Para que estos estudios sean rigurosos y que los sujetos no se vean condicionados por el experimentador, que puede dar sutiles señales para indicar el estado del estímulo, el propio experimentador ignora cuándo el estímulo es efectivo y cuándo es un placebo. Esto se conoce como un experimento de “doble ciego”, el mismo procedimiento científico que se utiliza para determinar si un medicamento tiene efectos reales o no.

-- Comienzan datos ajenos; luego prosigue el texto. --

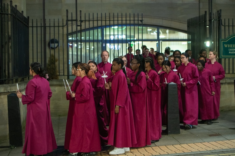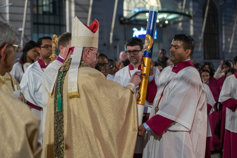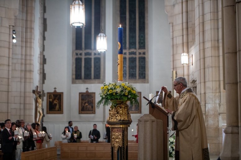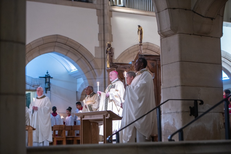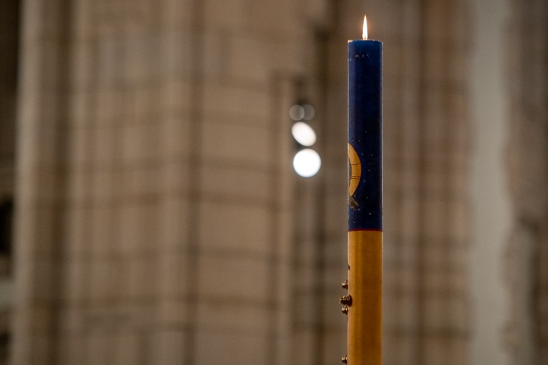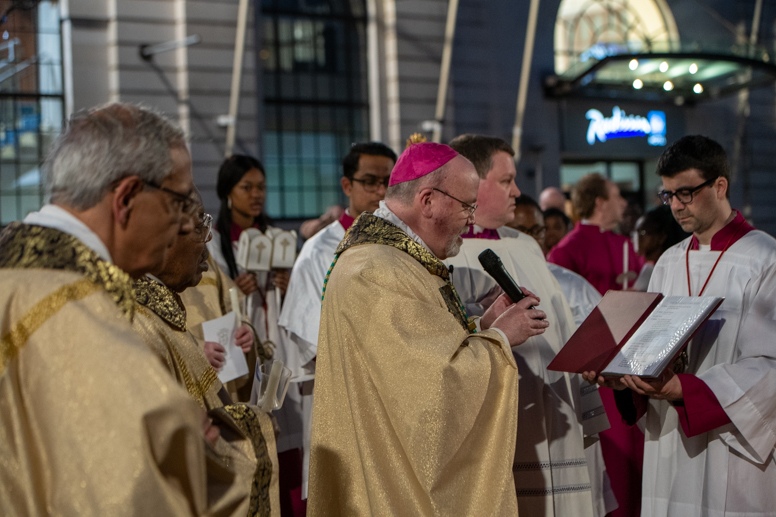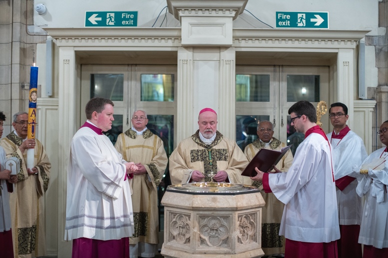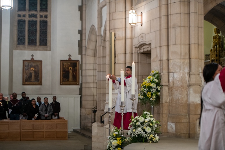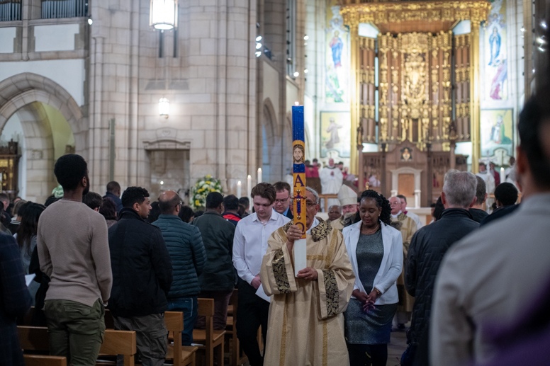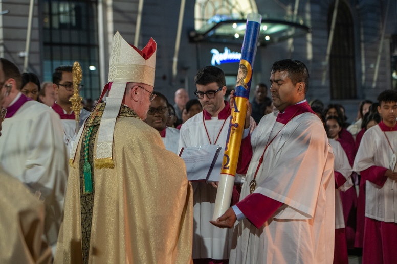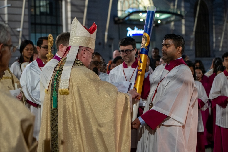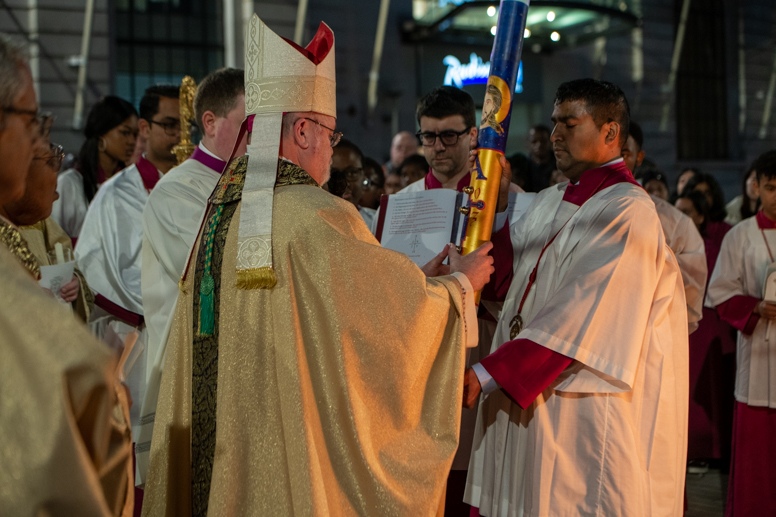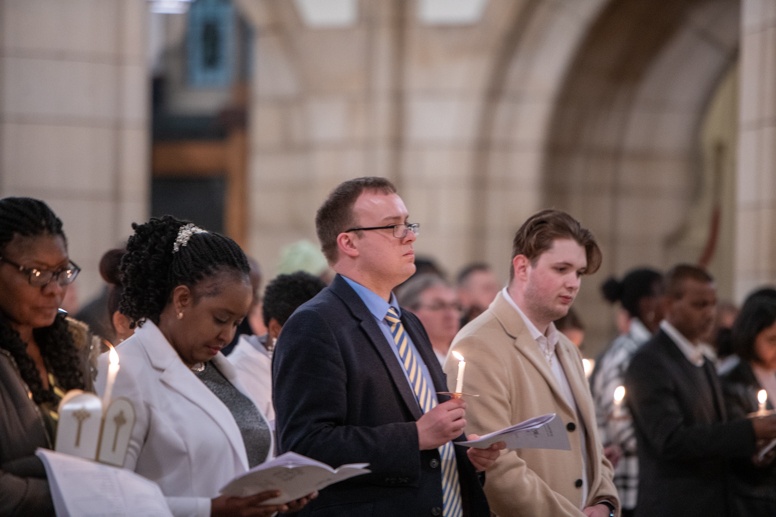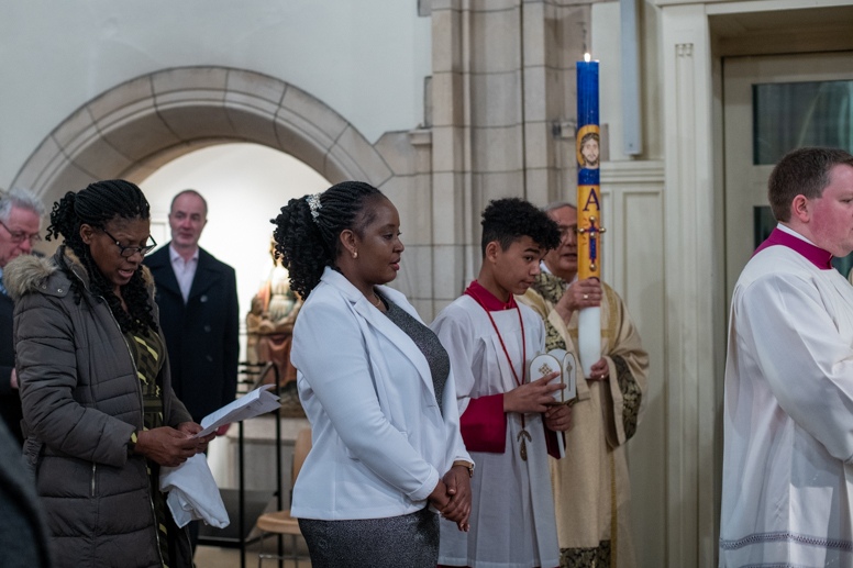 Easter Vigil began outside the Leeds Cathedral where Bishop Marcus blesses the Easter Light and ignites the paschal candle that will then light candles for the rest of the congregation.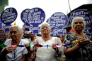 参加抗议的有6名幸存的菲律宾慰安妇,她们都在90岁高龄左右。 视觉中国

Sin negar el sufrimiento de los pacientes, la medicina debe enfrentar el hecho de que ningún estudio de provocación sobre la sensibilidad química múltiple y la sensibilidad electromagnética ha conseguido demostrar que efectivamente el estímulo al que culpan los pacientes sea responsable de los síntomas, sino que, en palabras de un estudio del Instituto de Psiquiatría de Londres sobre sensibilidad química los resultados sugieren que “el mecanismo de acción no es específico de la sustancia química en sí, y puede estar relacionado con las expectativas y las creencias previas”. Algo muy similar señalaba un estudio sobre sensibilidad a los campos electromagnéticos de 2005 al notar que “no había encontrado evidencia de una mayor capacidad para detectar campos electromagnéticos en los participantes ‘hipersensibles’”, por lo cual los síntomas, por reales que sean, “no están relacionados con la presencia de campos electromagnéticos”.

La capacidad de la medicina para mejorar la calidad de nuestra vida y aumentar su duración hasta el doble de hace un siglo (cuando la expectativa media de vida en el mundo era de 31 años comparada con los más de 67 de hoy) a veces nos hace olvidar que apenas estamos comprendiendo nuestro cuerpo, incluido nuestro cerebro y sus complejísimas funciones. Las enfermedades de difícil diagnóstico y orígenes aún imprecisos nos recuerdan el largo camino que aún tiene que recorrer la ciencia.

El diagnóstico bioquímico

Las ideas de William Osler sobre el diagnóstico fueron ampliadas y consolidadas por su sucesor, Archibald Edward Garrod, el primero que se planteó la posibilidad de que algunas enfermedades fueran producto de errores congénitos de nuestro metabolismo aprovechando la teoría de la herencia de Gregor Mendel, abriendo todo un campo de la medicina desconocido hasta entonces, y que sólo se apreció en todo su valor cuando conocimos el ADN y su codificación genética.